Il finale di Criminal Minds 15, che rappresenta la conclusione dell’intera serie poliziesca di CBS, è già andato in onda negli Stati Uniti: gli agenti dell’Unità di Analisi Comportamentale dell’FBI, esperti profiler a caccia di killer seriali che sconvolgono l’America, si congedano dal pubblico dopo quindici anni di successo in tv ed altrettante stagioni ricche di casi, spesso anche tratti dalla cronaca nera.

Il finale di Criminal Minds 15, come previsto, si è svolto all’insegna dell’ultimo scontro col nemico pubblico di questa stagione, il cosiddetto Camaleonte, il serial killer misogino Everett Lynch (Michael Mosley) che già un anno fa aveva minacciato di morte il capo Rossi (Joe Mantegna).

Senza svelare l’epilogo del caso – visto che la stagione è ancora in onda in Italia, ogni venerdì in prima serata su FoxCrime – si può però dire che il finale di Criminal Minds ha trovato un escamotage molto veloce e poco impegnativo per omaggiare la storia della serie e i suoi volti più amati.

ATTENZIONE SPOILER!

Nella caccia convulsa al Camaleonte, tra rincorse, sparatorie ed esplosioni, Spencer (Matthew Gray Gubler) finisce in coma ed è durante la sua incoscienza che tornano in video alcuni dei volti storici di Criminal Minds, che appaiono in una sorta di visione onirica in una serie di flahback. Nei suoi sogni distorti ci sono Derek (Shemar Moore, oggi protagonista di SWAT), Gideon (Mandy Patinkin), Strauss (Jayne Atkinson), Maeve (Beth Riesgraf) e anche il grande co-protagonista di ben 12 stagioni, Thomas Gibson (Hotch), cacciato dalla produzione dopo pesanti diverbi con gli sceneggiatori durante la dodicesima stagione. Una trovata deludente per chi si aspettava una vera reunion per il finale di serie o almeno un’apparizione dal vero di qualche volto storico: gli sceneggiatori hanno preferito affidarsi a materiale d’archivio anziché riportare in scena attori in carne ed ossa, ovviando così alla difficoltà di inserirli in modo coerente in una trama orizzontale che ha occupato l’intera stagione e che difficilmente avrebbe potuto prevedere il loro coinvolgimento.

C’è però un mistero finale che sembra lasciare una porta aperta ad una potenziale prosecuzione, non tanto della serie in sé – appena un anno fa CBS ha deciso di chiuderla con i 10 episodi di questa stagione – ma di un eventuale filone narrativo a parte.
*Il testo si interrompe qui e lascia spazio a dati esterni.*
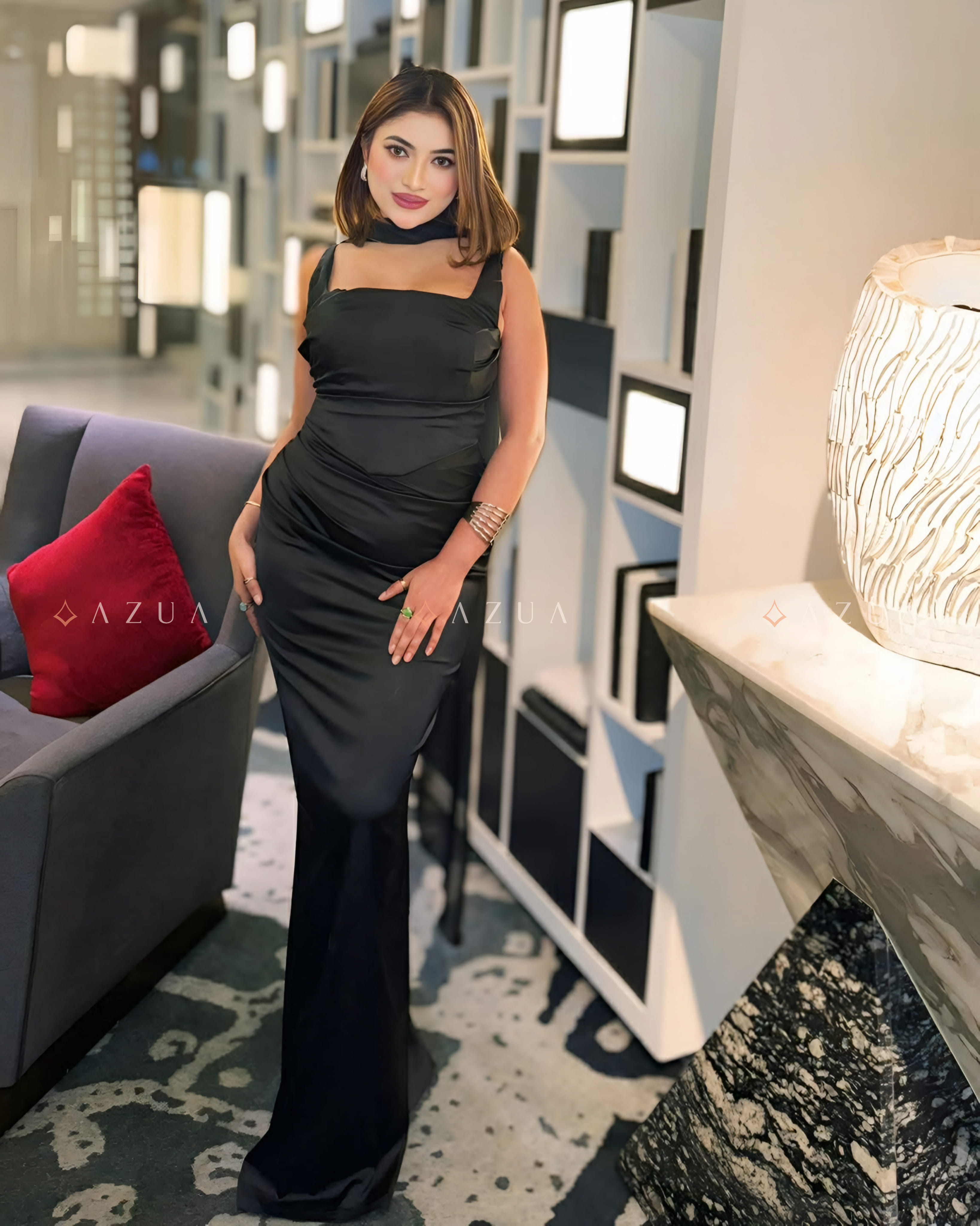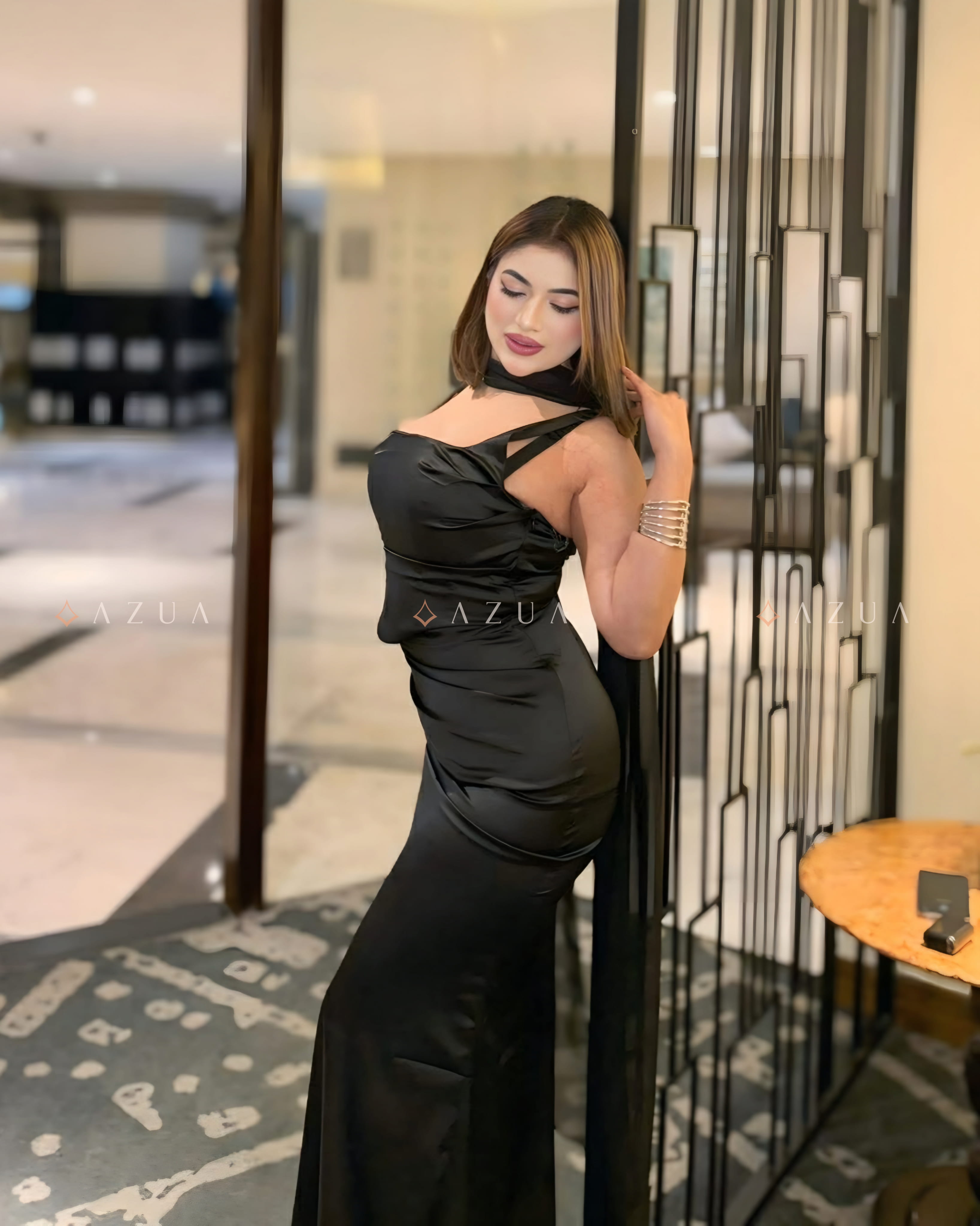 Standing out with its luxurious satin finish and modern silhouette, the Olive Calanthe Maxi Dress embodies refined femininity. The square neckline and softly draped bust create an elegant, graceful look, while the asymmetrical pleated bodice adds a sophisticated edge. Adjustable thin straps and a lace-up back ensure a flattering, customized fit. Perfect for special occasions, elegant dinners, and cocktail events.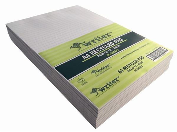Office Note Pad Recycled A4 Ruled 50 Leaf White Pack 10/3006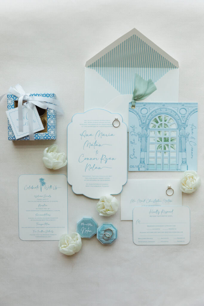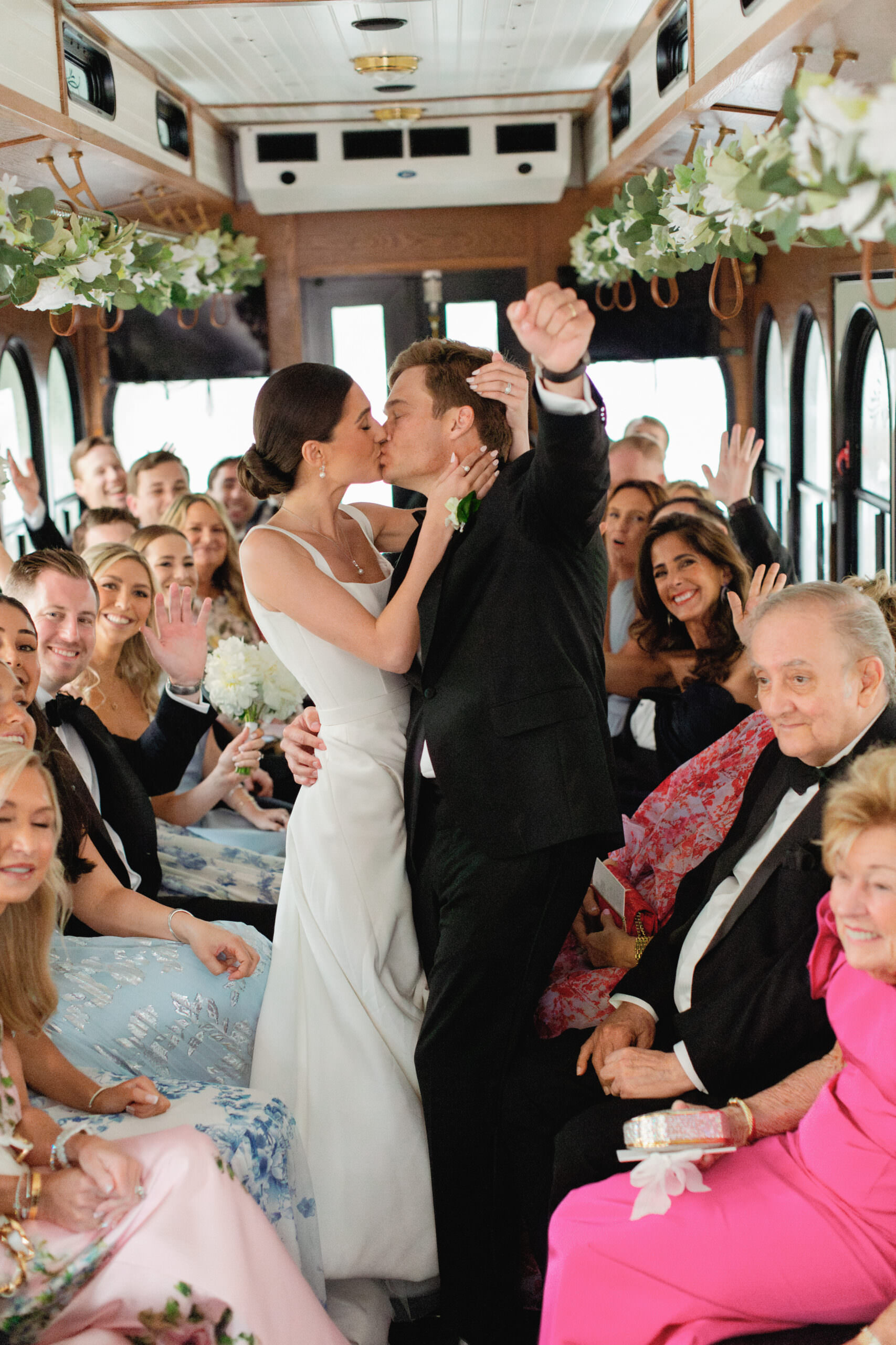 This Palm Beach wedding flowed through some of the island’s most iconic locations. St. Ann’s Church offered a timeless, intimate place to exchange vows, while the ride on Molly’s Trolleys added a playful and celebratory transition through town. The Flagler brought history and romance together, creating a beautiful setting for dinner and dancing.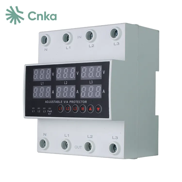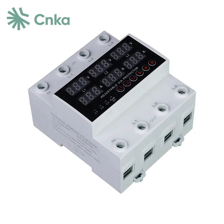 CNKA, un conocido proveedor chino, vende al por mayor su propia marca de protectores de voltaje trifásicos de 4 polos. Estos dispositivos están especialmente diseñados para circuitos monofásicos AC 220V, 50Hz con una corriente nominal de 63A, lo que los hace ideales para proteger cajas de distribución residenciales y los cables que suministran energía a equipos monofásicos.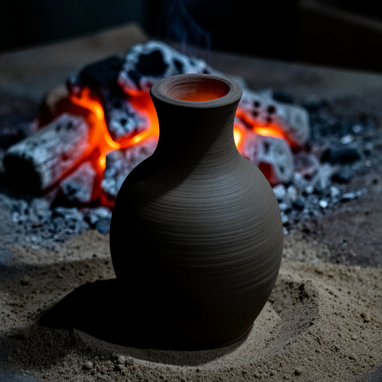 Place the mould upside-down (sprue opening facing down) in a kiln or over a charcoal fire and slowly raise the temperature to approximately 300-400 °C. The beeswax will melt and drain out through the sprue opening — collect it for reuse. Continue heating the mould to approximately 600-700 °C to burn out any wax residue and fire the clay to a hard ceramic. The mould interior now contains a perfect negative impression of the fibula. Keep the mould at temperature or allow it to cool to approximately 400 °C before pouring — casting into a warm mould reduces thermal shock and allows the bronze to flow into thin sections more easily. Position the mould upright with the sprue opening at the top, ready to receive the molten metal.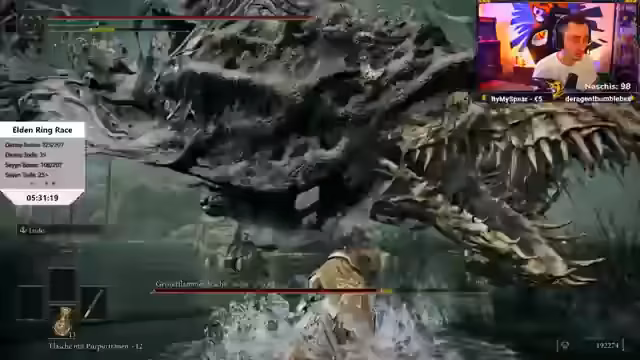14:18:31Der Streamer äußert seinen Ärger über einen Vogelgegner, der ihn immer wieder mit einer One-Shot-Attacke tötet. Er erzählt, dass er im Kampf gegen diesen Boss bereits sehr gut gespielt hatte, bevor er besiegt wurde. Es wird über die Schwierigkeit verschiedener Bosse diskutiert und der Streamer fragt seinen Bruder nach dessen Erfahrungen. Er spricht über den Kampf gegen einen bestimmten Vogelboss in Tier 10 und vergleicht dessen Schwierigkeit mit anderen Gegnern. Der Streamer äußert den Wunsch, gegen Malenia zu kämpfen und sie zu besiegen. Er spricht über verschiedene Strategien und Waffen, die er im Kampf einsetzen möchte. Es wird über die Bedeutung von Ausdauer im Spiel gesprochen und der Streamer berichtet von seinen Schwierigkeiten aufgrund mangelnder Ausdauer. Er erzählt von einem erfolgreichen First Try gegen Malekith und äußert seine Begeisterung für den Kampf.
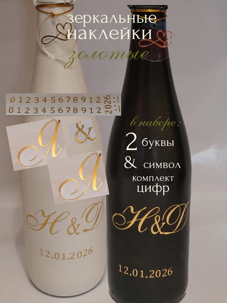 Набор наклеек буквы инициалы и цифры из зеркального золота – отличный выбор для украшения бутылок и бокалов. Они добавят изысканности и блеска Вашему мероприятию, придавая ему особую изюминку. Эти наклейки идеально подходят для нанесения свадебные бутылки или бокалы с гладкой поверхностью. Благодаря специальной клеевой основе они легко фиксируются на поверхности. Вы сможете их использовать не только для стеклянной посуды, но и для окрашенных поверхностей, создавая уникальные декорации. Идеальный выбор для свадебных торжеств. Эти декоративные элементы помогут создать особую атмосферу романтики и подчеркнет статус торжества. В наборе: 2 буквы - инициалы для 2-х бокалов или бутылок, символ бесконечности, комплект цифр для любой даты 2026 г. Размер букв 3 см в высоту отлично подходит под стандартные размеры свадебных аксессуаров, благодаря этому вы сможете создать гармоничный и стильный дизайн, соответствующий атмосфере и особенностям Вашего мероприятия. В карточках товаров магазина можно выбрать любые инициалы алфавита.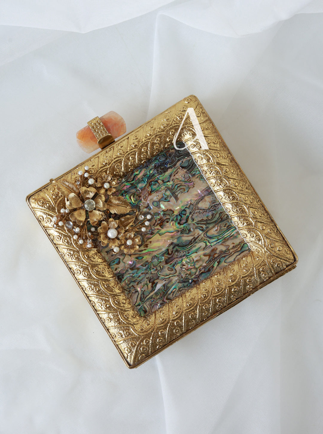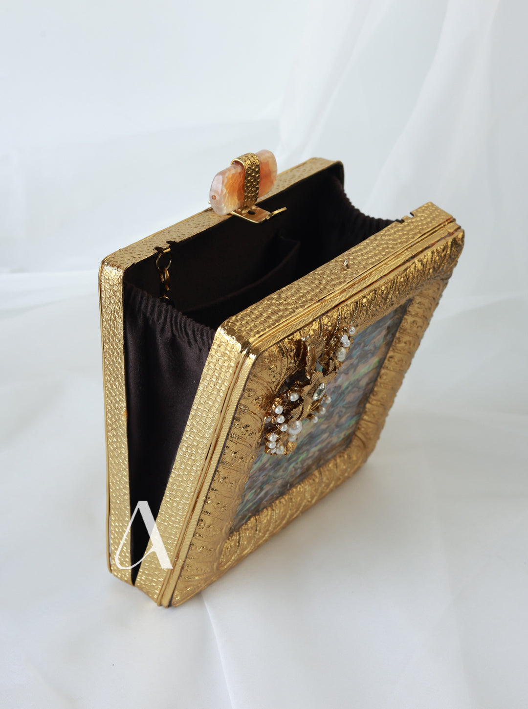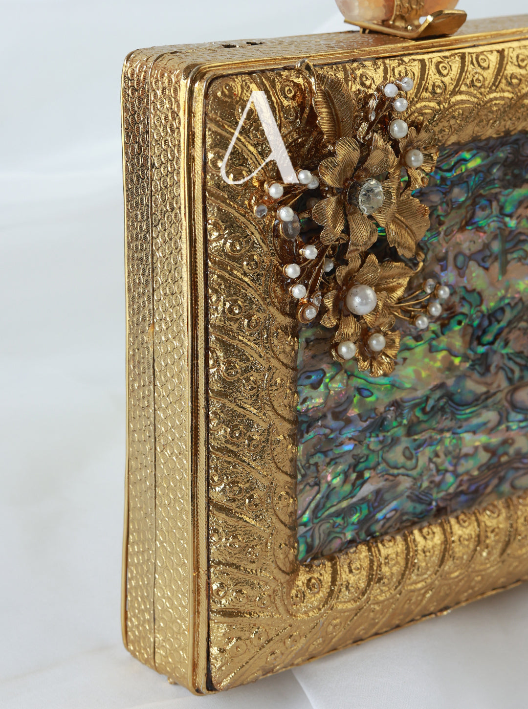 Aneesha is a luxurious handcrafted brass clutch featuring a radiant abalone shell inlay, glimmering with iridescent hues of green, blue, and purple. Embellished with a golden floral bouquet of antique metal, pearls, and crystals, the front design brings a regal and vintage charm. The back is crafted with embossed floral vines and a hammered brass texture, echoing timeless royal craftsmanship. Topped with a gemstone-cut clasp and completed with a matching golden sling chain.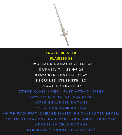 Flamberge: Skull ImpalerRequired Level: 48 Rarity: rare | Select the realm to see the price |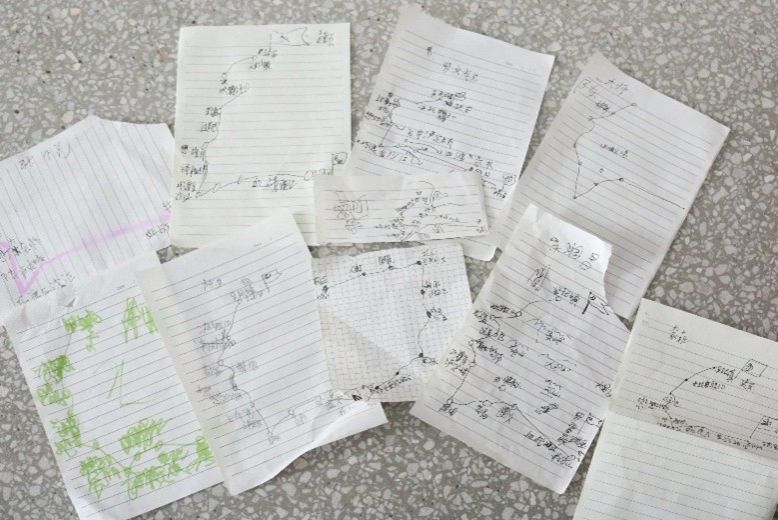 学生们按长征主要地点方位,绘出包含关键站点的路线地图。
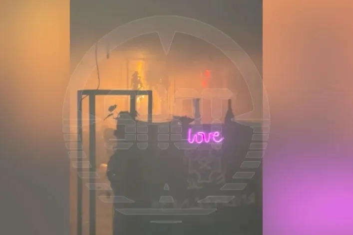 Полыхающий бар "Резиденция" в здании "Известия Hall" в Москве. Видео © t.me / SHOT
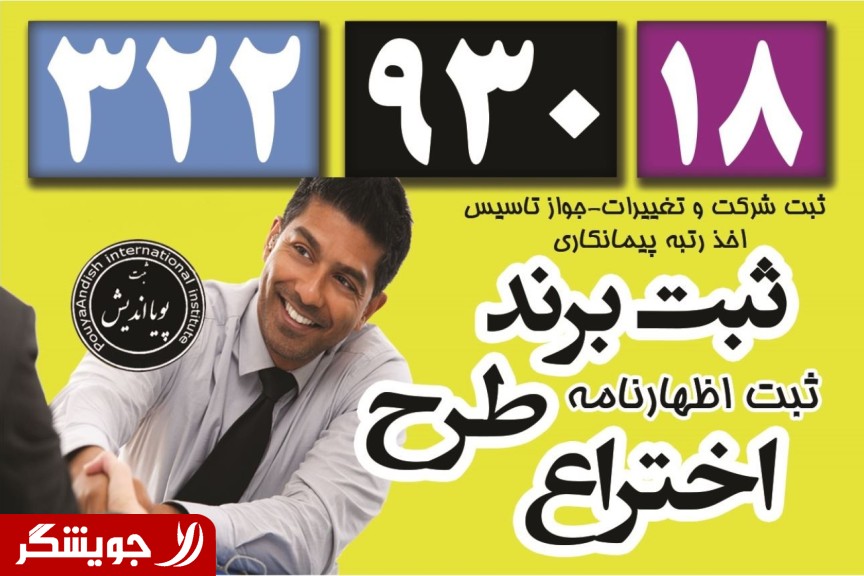 Registration of Joint-Stock Company, special occasions, cooperatives, etc., liability limited by setting the minutes of the relevant changes relating to the board, the CEO, etc., transfer of shares, increase and reduction of capital, companies, cooperatives, etc., PJs., the limited liability by setting the minutes of the relevant (by experienced experts and retired Registration Office) آدرس: Mazandaran/ Babol/ field endowment (jihad)/ Motahari Ave/ Tower enamel/ floor 6/ unit 63/ company Dynamic-sighted تماس: 32293018_(At the bottom of the ad)8885526 http://www.pouya-andish.ir

Un biglietto lasciato da Penelope (Kirsten Vangsness) ai colleghi, il cui contenuto resta misterioso, insinua il dubbio che – incentrato sul suo personaggio o su altri – possa nascere uno spin-off di Criminal Minds, come già avvenuto in passato con Criminal Minds: Suspect Behavior e Beyond Bords, o che semplicemente si sia lasciato un appiglio narrativo da cui far ripartire la storia in un eventuale revival, semmai tra qualche anno CBS dovesse cambiare idea e scegliere di rianimare uno dei suoi procedural più longevi.

Attualmente Criminal Minds 15 è in onda in anteprima assoluta per l’Italia su FoxCrime (canale 116 di Sky) ogni venerdì, con un episodio in prima serata. Il finale di stagione andrà in onda il 27 marzo. Non c’è ancora una programmazione in chiaro per l’ultima stagione, che presumibilmente arriverà su Rai2 in autunno. Su Rai4, invece, ogni giovedì in prima serata va in onda in replica la dodicesima stagione, mentre dal lunedì al sabato alle 20.35 viene trasmesso un episodio della prima stagione.

Commenti (1):
Colo

La Messer sulla nota di Garcia ha detto che è un promemoria per il suo successore, che sarà Anita, la ragazza che lavora alla Nsa conosciuta nella 13×16, ma solo lei e Kristen sanno il contenuto, mentre per un revival aspettiamo cinque anni, come dice sempre la Messer…..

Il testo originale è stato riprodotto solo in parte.